» **TASK DETAILS**: Exactly as written, reproduce the lines from the beginning of the data through the line containing "la mente umana e"; the pictures are not reproduced.

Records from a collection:
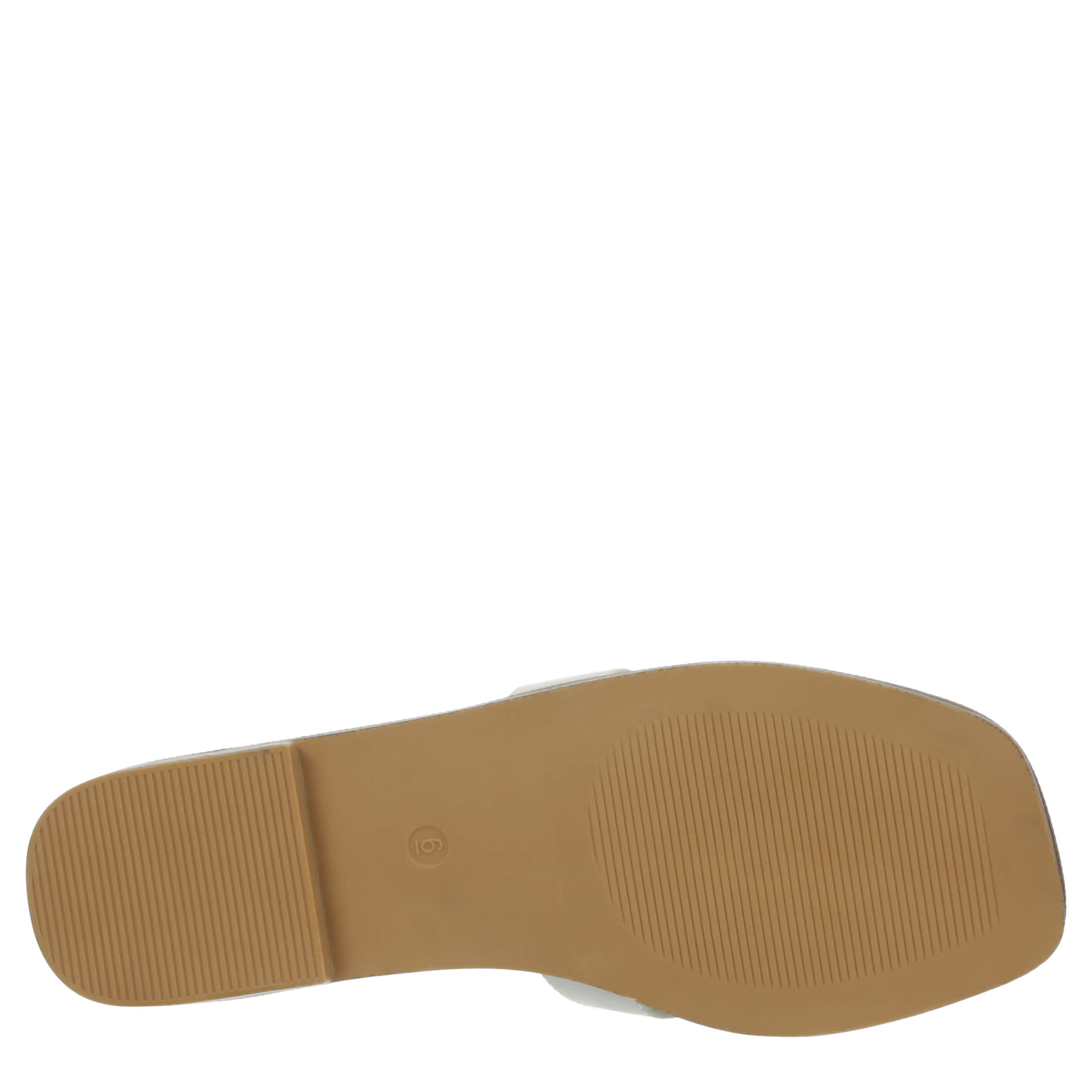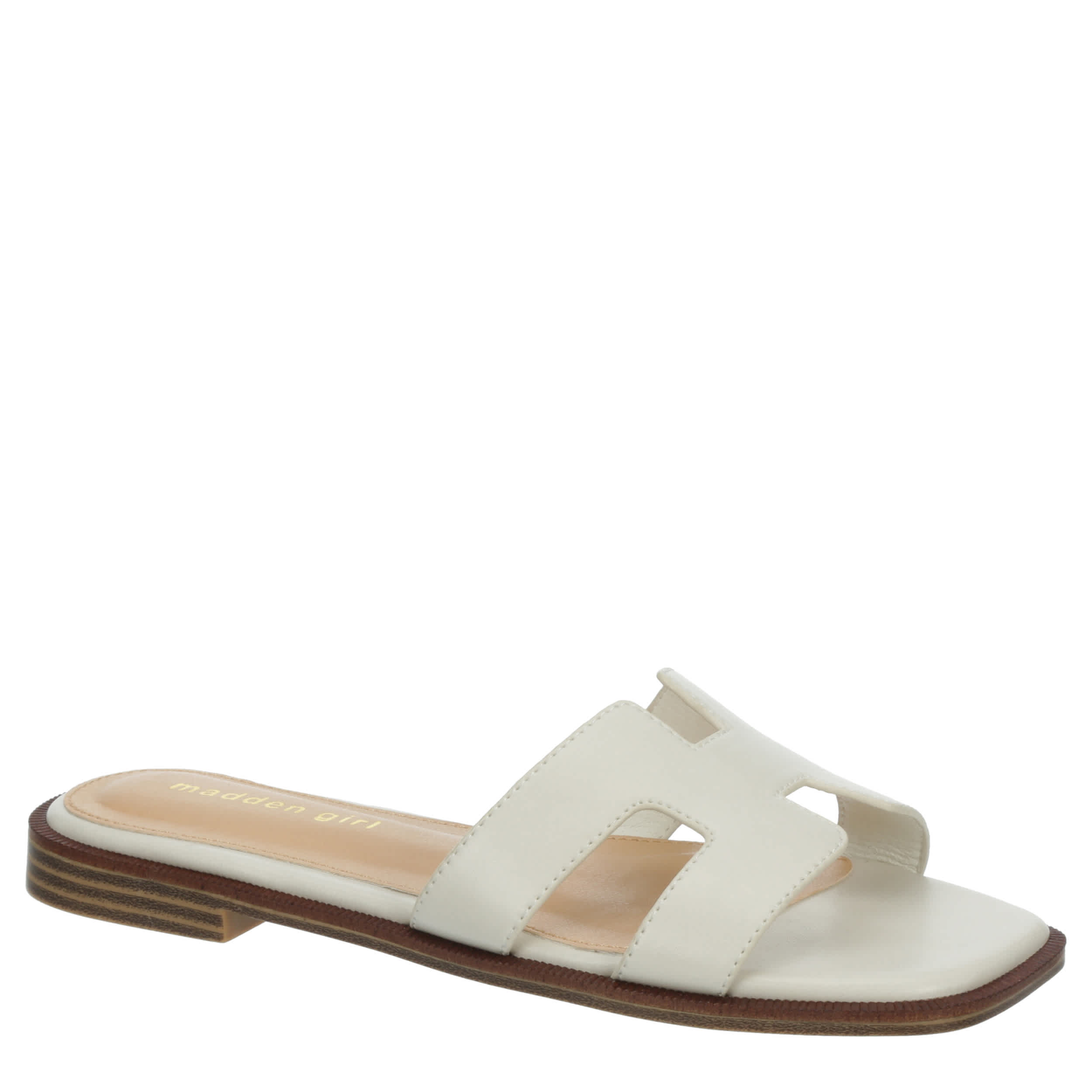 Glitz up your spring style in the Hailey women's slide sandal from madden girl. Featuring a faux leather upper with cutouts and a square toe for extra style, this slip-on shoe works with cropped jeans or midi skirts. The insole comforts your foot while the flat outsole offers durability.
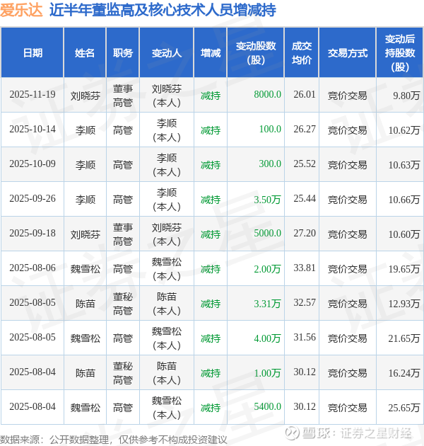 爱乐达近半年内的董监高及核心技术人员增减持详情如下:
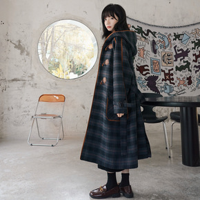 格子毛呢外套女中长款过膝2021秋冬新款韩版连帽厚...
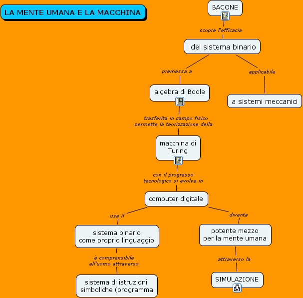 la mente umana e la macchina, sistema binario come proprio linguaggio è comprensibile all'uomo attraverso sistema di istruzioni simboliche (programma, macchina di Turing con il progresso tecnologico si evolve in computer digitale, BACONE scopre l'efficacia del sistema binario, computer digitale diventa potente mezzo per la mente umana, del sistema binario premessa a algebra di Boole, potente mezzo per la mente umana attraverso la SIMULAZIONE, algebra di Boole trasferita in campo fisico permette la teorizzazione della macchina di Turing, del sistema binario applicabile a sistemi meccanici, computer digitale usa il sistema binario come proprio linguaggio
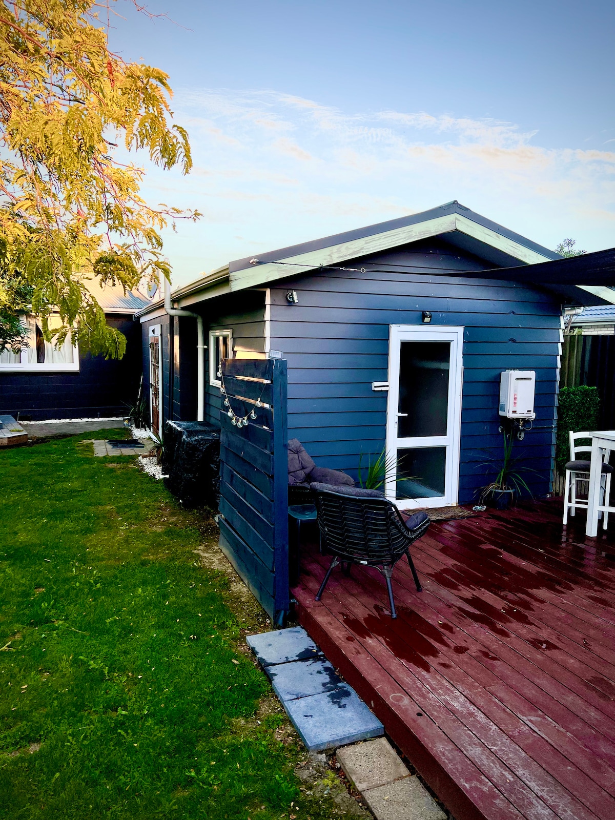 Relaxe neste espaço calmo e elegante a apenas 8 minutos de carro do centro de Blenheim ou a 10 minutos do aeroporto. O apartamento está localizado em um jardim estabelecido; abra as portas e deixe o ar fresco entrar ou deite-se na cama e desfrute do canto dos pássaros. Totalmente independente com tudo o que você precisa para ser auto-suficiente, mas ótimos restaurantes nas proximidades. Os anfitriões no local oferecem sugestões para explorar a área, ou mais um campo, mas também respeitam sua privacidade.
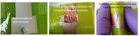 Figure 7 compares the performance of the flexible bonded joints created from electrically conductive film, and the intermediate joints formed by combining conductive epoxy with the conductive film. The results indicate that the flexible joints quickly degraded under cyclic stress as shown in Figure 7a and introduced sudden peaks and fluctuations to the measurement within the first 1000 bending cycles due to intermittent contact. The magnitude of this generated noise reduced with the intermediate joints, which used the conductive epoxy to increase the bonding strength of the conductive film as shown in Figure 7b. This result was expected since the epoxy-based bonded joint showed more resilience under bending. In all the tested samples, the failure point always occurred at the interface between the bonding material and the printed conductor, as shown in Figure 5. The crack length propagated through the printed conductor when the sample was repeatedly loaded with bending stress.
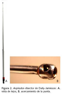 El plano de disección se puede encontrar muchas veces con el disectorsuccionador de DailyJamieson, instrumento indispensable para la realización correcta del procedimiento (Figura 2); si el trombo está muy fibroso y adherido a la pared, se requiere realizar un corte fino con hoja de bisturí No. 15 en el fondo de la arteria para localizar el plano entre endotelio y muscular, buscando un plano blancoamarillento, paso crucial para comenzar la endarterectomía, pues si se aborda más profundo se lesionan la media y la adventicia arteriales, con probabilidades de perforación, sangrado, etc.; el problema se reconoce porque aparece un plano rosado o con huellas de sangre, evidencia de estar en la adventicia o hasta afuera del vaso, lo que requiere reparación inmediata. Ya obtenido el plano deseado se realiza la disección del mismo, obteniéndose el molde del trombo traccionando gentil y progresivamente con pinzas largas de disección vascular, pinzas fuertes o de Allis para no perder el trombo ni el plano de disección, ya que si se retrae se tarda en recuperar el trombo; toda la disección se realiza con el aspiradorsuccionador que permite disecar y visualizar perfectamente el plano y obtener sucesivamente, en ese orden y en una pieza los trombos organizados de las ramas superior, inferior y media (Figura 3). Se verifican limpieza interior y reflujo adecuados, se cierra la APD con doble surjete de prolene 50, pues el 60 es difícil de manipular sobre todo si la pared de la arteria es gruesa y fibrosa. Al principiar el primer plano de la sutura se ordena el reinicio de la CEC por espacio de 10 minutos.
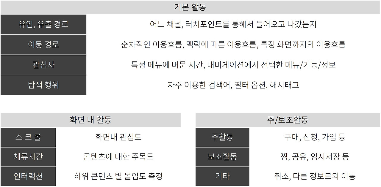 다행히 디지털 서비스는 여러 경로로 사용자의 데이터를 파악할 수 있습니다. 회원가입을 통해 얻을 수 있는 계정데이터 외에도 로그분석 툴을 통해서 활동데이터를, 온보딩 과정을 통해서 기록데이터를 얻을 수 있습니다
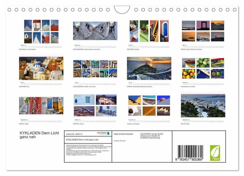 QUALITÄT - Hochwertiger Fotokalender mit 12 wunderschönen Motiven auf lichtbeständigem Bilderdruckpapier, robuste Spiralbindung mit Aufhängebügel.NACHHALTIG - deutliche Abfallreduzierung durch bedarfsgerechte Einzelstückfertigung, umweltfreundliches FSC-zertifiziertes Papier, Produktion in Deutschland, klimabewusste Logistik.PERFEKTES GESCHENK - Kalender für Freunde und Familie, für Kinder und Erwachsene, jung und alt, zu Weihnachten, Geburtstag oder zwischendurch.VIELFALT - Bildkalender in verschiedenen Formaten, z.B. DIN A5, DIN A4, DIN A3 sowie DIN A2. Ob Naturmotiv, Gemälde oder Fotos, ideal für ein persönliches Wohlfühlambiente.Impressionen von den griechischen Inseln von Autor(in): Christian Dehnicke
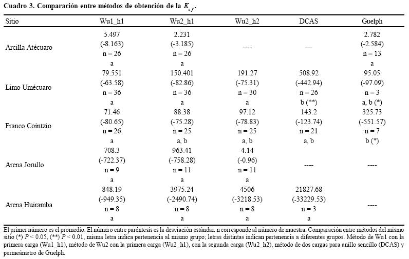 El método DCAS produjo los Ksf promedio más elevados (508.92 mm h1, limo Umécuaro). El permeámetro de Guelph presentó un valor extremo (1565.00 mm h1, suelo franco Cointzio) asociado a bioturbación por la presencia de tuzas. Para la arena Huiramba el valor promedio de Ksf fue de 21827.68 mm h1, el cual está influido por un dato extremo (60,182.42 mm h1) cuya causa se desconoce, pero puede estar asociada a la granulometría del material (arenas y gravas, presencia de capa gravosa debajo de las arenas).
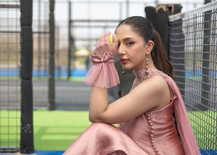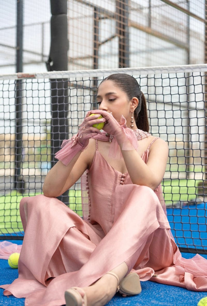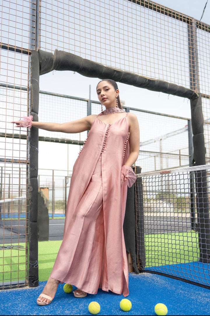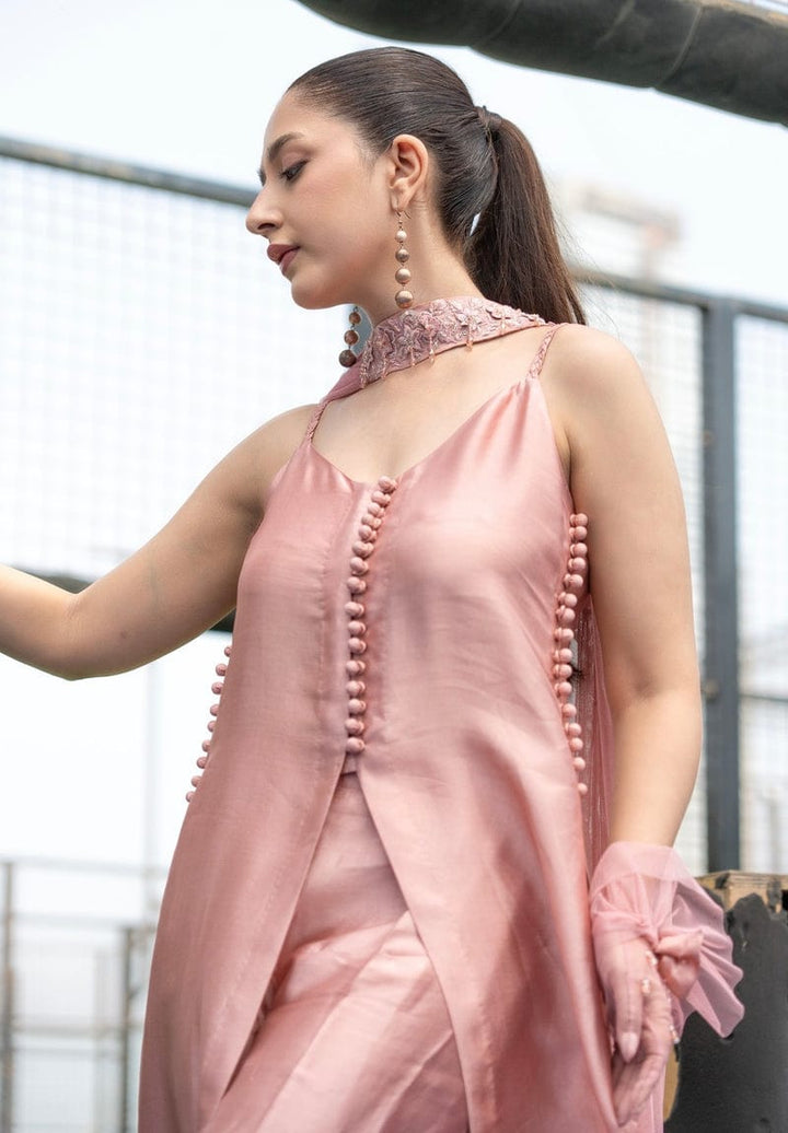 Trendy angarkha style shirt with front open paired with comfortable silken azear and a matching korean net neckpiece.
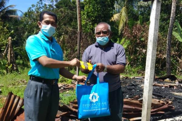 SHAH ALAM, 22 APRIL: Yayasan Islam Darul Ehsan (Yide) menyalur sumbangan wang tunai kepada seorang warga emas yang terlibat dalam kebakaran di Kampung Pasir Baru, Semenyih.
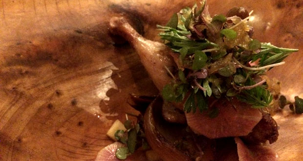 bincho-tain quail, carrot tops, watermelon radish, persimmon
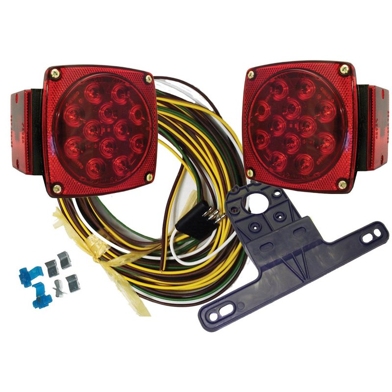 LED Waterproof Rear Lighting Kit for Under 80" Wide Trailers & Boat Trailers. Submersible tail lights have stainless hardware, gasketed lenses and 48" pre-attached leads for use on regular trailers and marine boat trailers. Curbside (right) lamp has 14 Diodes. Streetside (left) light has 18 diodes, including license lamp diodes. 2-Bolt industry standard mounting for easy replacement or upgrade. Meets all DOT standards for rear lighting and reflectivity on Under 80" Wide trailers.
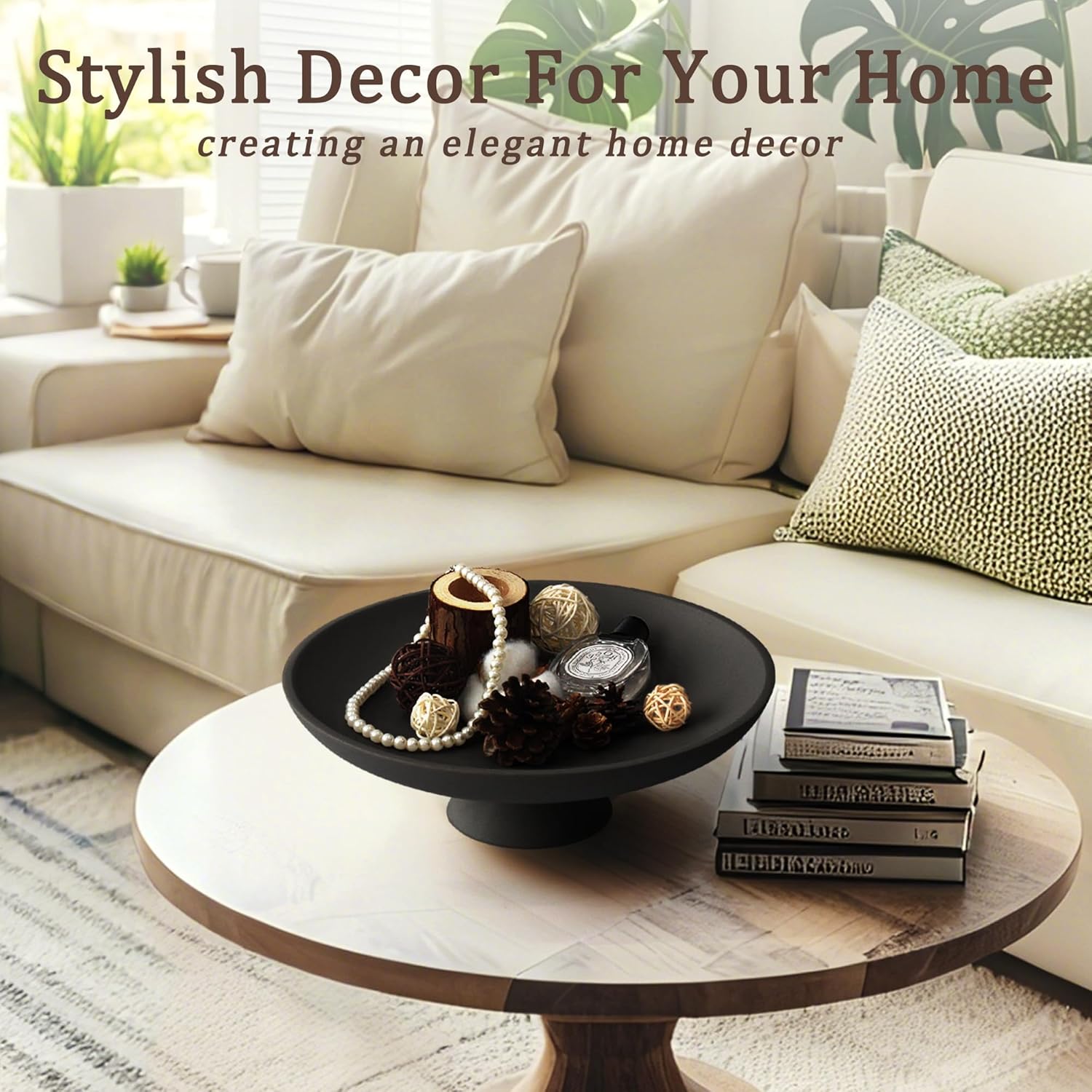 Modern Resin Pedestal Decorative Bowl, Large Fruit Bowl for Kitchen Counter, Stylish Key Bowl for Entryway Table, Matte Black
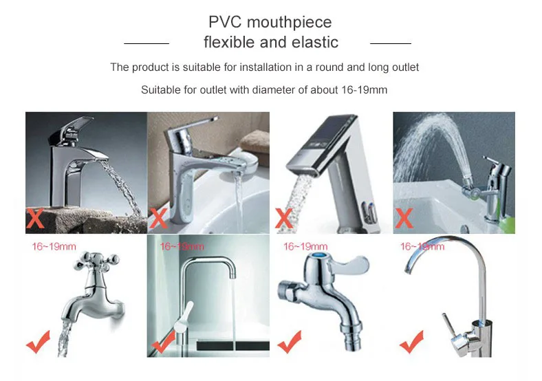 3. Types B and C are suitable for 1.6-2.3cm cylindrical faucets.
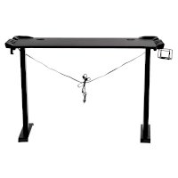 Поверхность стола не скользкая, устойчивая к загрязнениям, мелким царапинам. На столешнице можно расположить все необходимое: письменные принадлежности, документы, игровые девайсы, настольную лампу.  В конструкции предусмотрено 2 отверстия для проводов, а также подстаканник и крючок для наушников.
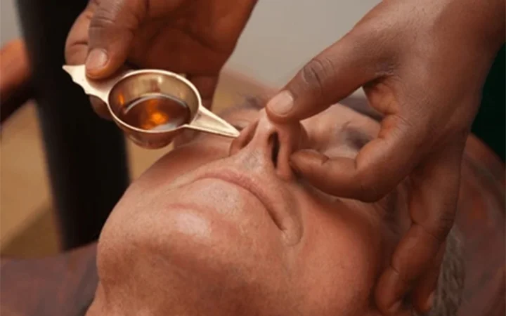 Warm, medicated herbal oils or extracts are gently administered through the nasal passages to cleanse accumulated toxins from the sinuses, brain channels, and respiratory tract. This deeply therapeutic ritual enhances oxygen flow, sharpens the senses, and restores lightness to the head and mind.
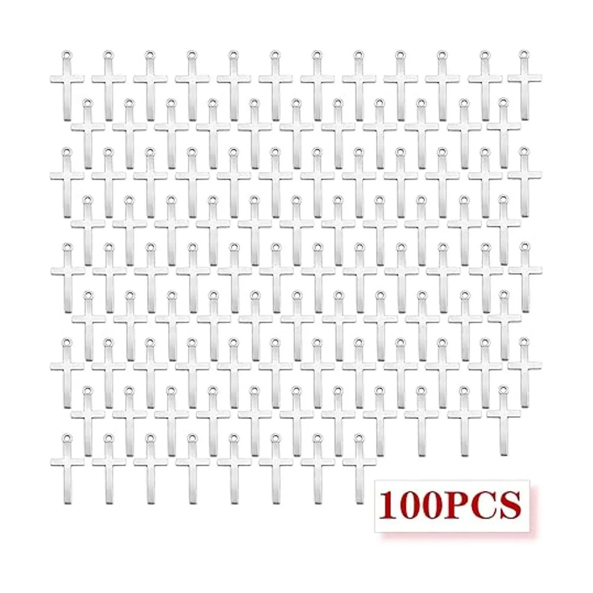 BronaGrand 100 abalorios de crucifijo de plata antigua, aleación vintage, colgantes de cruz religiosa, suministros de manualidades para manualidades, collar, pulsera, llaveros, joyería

» **SOLUTION TO THE EXERCISE**:
 Glitz up your spring style in the Hailey women's slide sandal from madden girl. Featuring a faux leather upper with cutouts and a square toe for extra style, this slip-on shoe works with cropped jeans or midi skirts. The insole comforts your foot while the flat outsole offers durability.
 爱乐达近半年内的董监高及核心技术人员增减持详情如下:
 格子毛呢外套女中长款过膝2021秋冬新款韩版连帽厚...
 la mente umana e la macchina, sistema binario come proprio linguaggio è comprensibile all'uomo attraverso sistema di istruzioni simboliche (programma, macchina di Turing con il progresso tecnologico si evolve in computer digitale, BACONE scopre l'efficacia del sistema binario, computer digitale diventa potente mezzo per la mente umana, del sistema binario premessa a algebra di Boole, potente mezzo per la mente umana attraverso la SIMULAZIONE, algebra di Boole trasferita in campo fisico permette la teorizzazione della macchina di Turing, del sistema binario applicabile a sistemi meccanici, computer digitale usa il sistema binario come proprio linguaggio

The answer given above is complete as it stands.